For if you live long enough, you see everything, and if you go on living, everything happens over again, just the same, even the women—especially the women. Earlier in his life he’d understood: a young woman wanted to be married, or a married woman wanted a nicer or richer husband, many women wanted to try again for something better. Who could blame them for looking to the future? But he, like most men, wallowed in the present and did not see farther than the foot of the bed. The women he’d known were, each of them, different, but what made them sisters was their same question, always spoken in the darkness, at a moment when he felt fulfilled and complete: Where is this going?

He kept the answer to himself, because it was devastating. He’d got what he wanted, and now he wanted to go home. They wanted more. He hoped for a night—not even a night, hardly a few hours; they wanted a life.

He did not know if he was like other men. That didn’t matter, a comparison was futile. But he knew his past and how his life of accumulation had deluded him. He had years more to live but knew in advance that there was nothing new for him. An older man looking for novelty was fooling himself, and was even more ridiculous than he knew. He was just a clown, a bumbler in a circus.

The remorseless symmetry of his life had become apparent to him since his arrival in India, his life of repetition, and anything that appeared new was what Dr. Nagaraj had told him was maya, illusion. Without putting the disturbing thought into words, keeping it an emotion that penetrated to the core of his body like the shiver of a taboo, he realized there was no point in being wealthy if you could still be deceived. To him, money represented privacy and comfort, but more than that, if it did not also allow access to the truth, then it was nothing but a deception. A rich man who was conned by a lie had no one to blame but himself. And there was no greater fool than a rich man who was self-deceived.

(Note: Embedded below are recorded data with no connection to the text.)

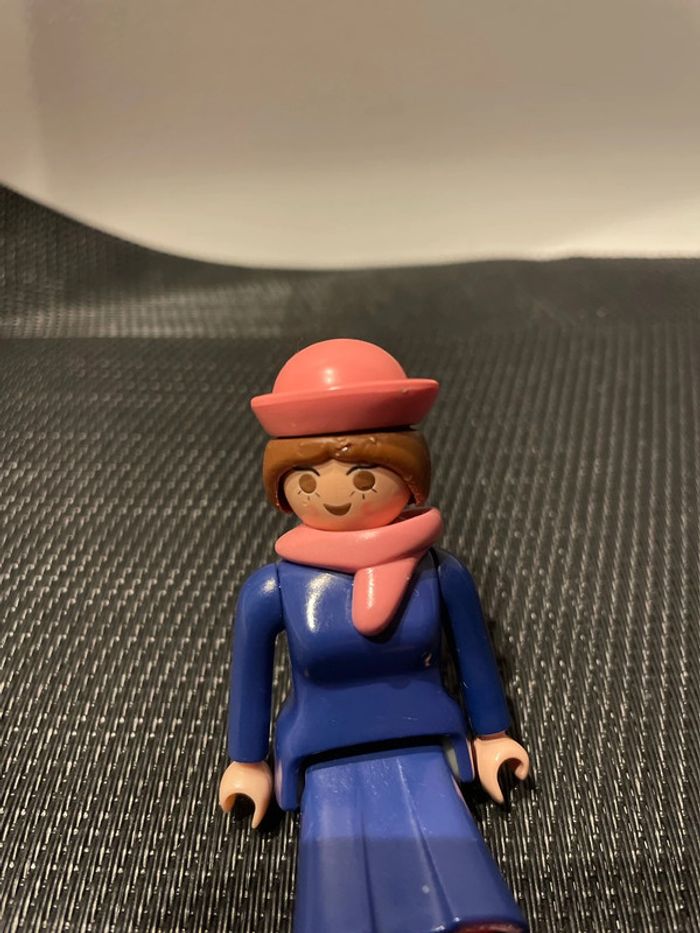 Playmobil figurine femme chignon écharpe et chapeau roses robe bleue 1900 belle époque - photo numéro 1
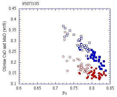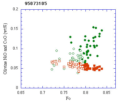 8.3vol%含まれる.クロムスピネルを包有しピジョン輝石の反応縁を有する. クロムスピネルに附随してAl-rich単斜輝石,斜長石を包有することもあるが, 全体としてスピネル以外の含有物の数は少ない.ガラス含有物は見られない.
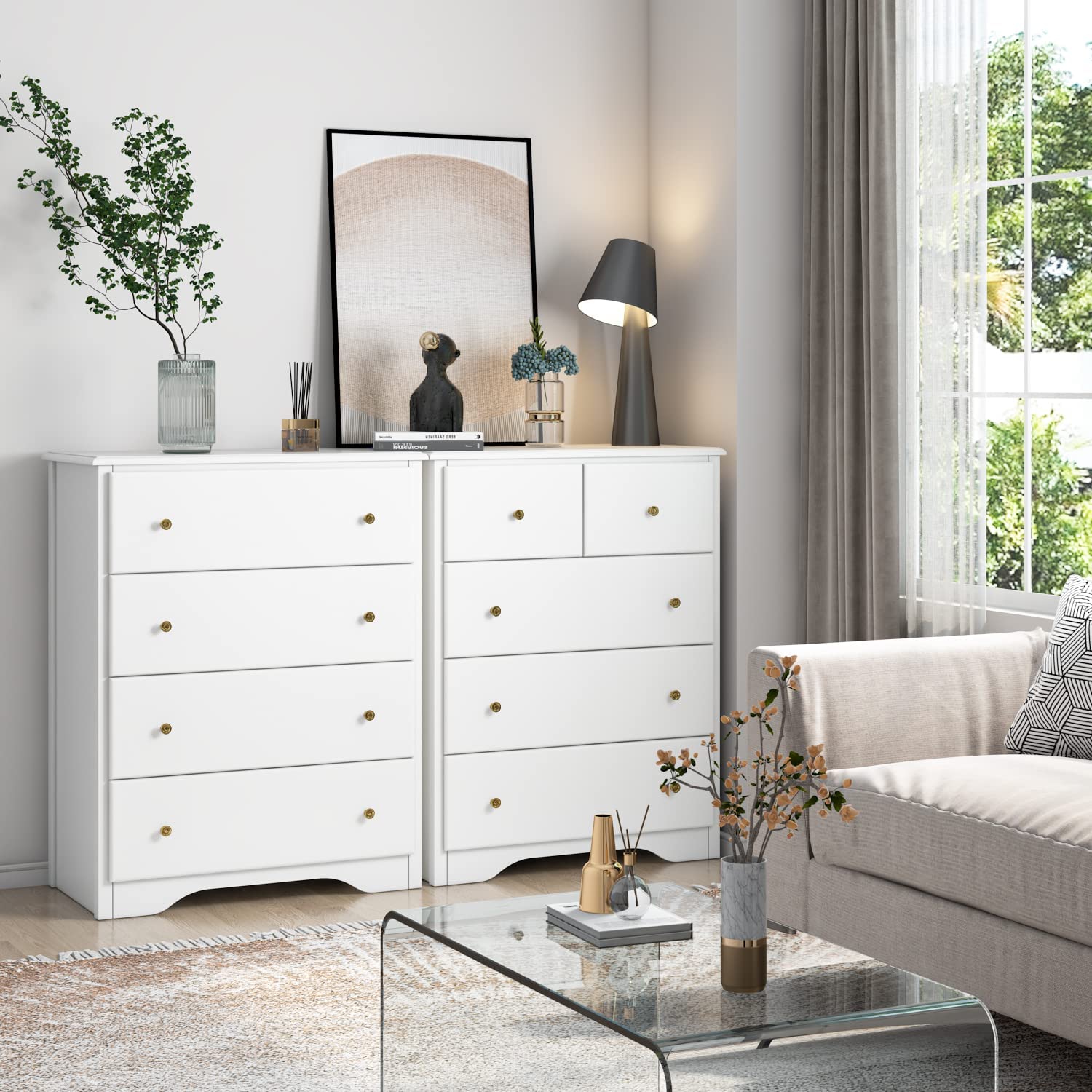 Premium Material - Constructed of high-grade MDF, premium metal slides that can be pushed and pulled smoothly, the white dresser meets your pursuit of quality. The surface is coated with environmentally friendly paint, which is waterproof and easy to clean
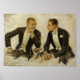 Um belo trabalho de J. C. Leyendecker de dois cavalheiros vestidos em tuxedos sentados em profunda conversa.
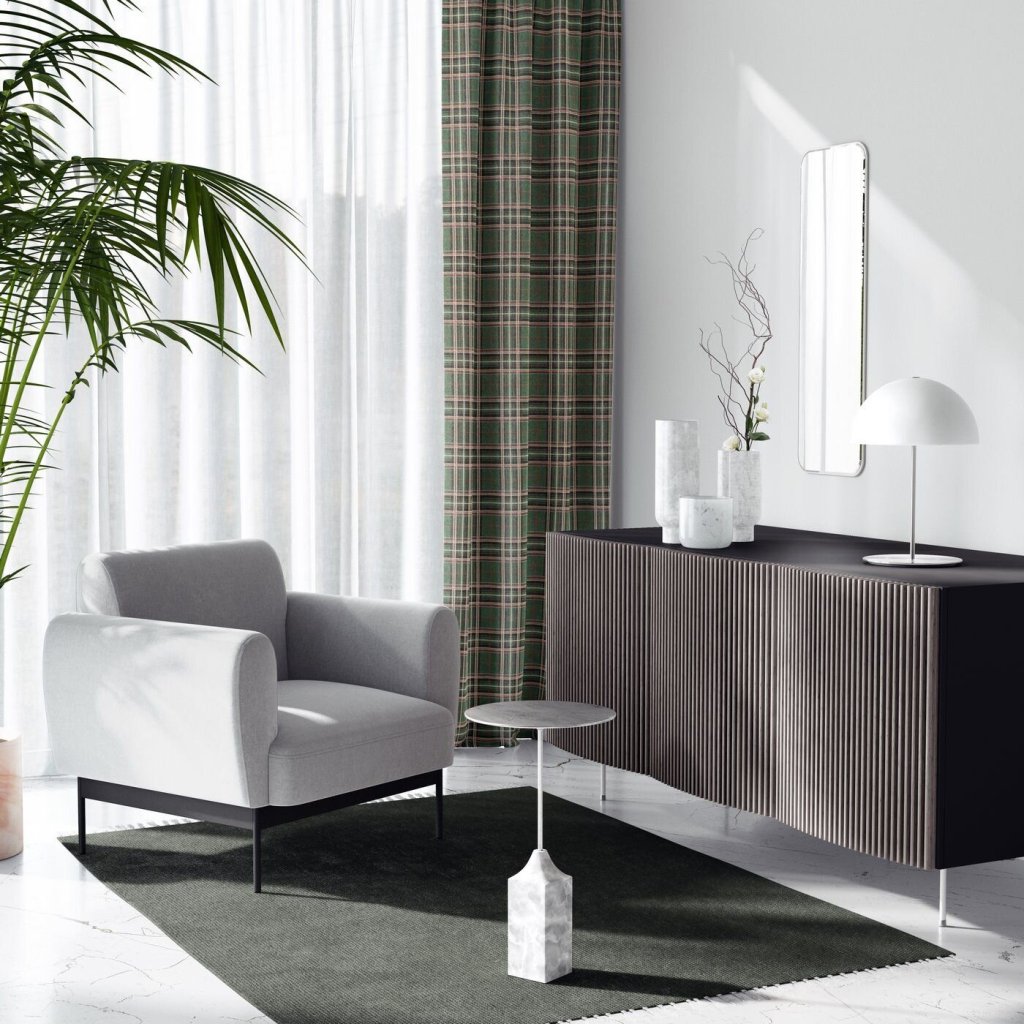 Elegantná žakárová látka zdobená tartanovým vzorom uspokojí vkus milovníkov tradičných vzorov i tých, ktorí hľadajú moderné doplnky do interiéru. Nadčasový károvaný vzor sa hodí do klasického aj moderného interiéru. Žakárový, hrubší a husto tkaný materiál chráni interiér cez deň pred slnkom a večer pred vonkajšími pohľadmi a vytvára vo vnútri príjemnú atmosféru. Vďaka vysokej kvalite tkanín a vynikajúcim funkčným hodnotám uspokoja závesy vkus aj náročných zákazníkov. K závesom z tejto látkysa budú skvele hodiť jednoduché jemné záclony ale skvele vyzerajú aj ako jediná okenná dekorácia. Dokonale dopĺňajú jesenno-zimný interiérový dizajn.
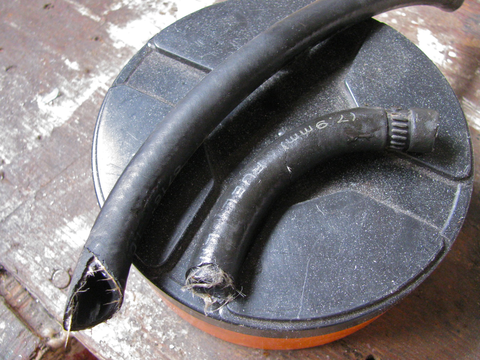 Te previous owner had used fuel line hose, and it was hard and brittle.

And here was the irony: the man who ran a great company; who hired the best people and ruthlessly fired employees who were perceived as weak in their jobs; who took a faltering firm and whipped it into shape, cutting costs here, eliminating a whole department there, walking into offices of old timers and saying, “I’m sorry, but I’m letting you go, clear out your desk”—getting rid of them in a day so they didn’t linger and stink up the place with their aggrieved indignation—that same scary CEO who nuked entire floors of workers would meet a young ambitious woman, greedy to be married, swift as a raptor, and the man would offer himself to be snatched. The man who could spot an unreliable employee a mile away could be possessed by the most transparent upstart. Not that she wasn’t presentable. She might indeed be beautiful, but that was all, and it was only afterward that the man saw how he had been fooled, how he had fooled himself. The big swaggering toughie from the boardroom found himself snared by someone he would not have hired to work the photocopier. Then the woman had a child and said either “I want stock options for Junior” or else “I don’t love you anymore,” and she got the penthouse, the plane, child support, and a meal ticket for life. Didn’t such a man ever say to himself, “Uh-oh, look out”?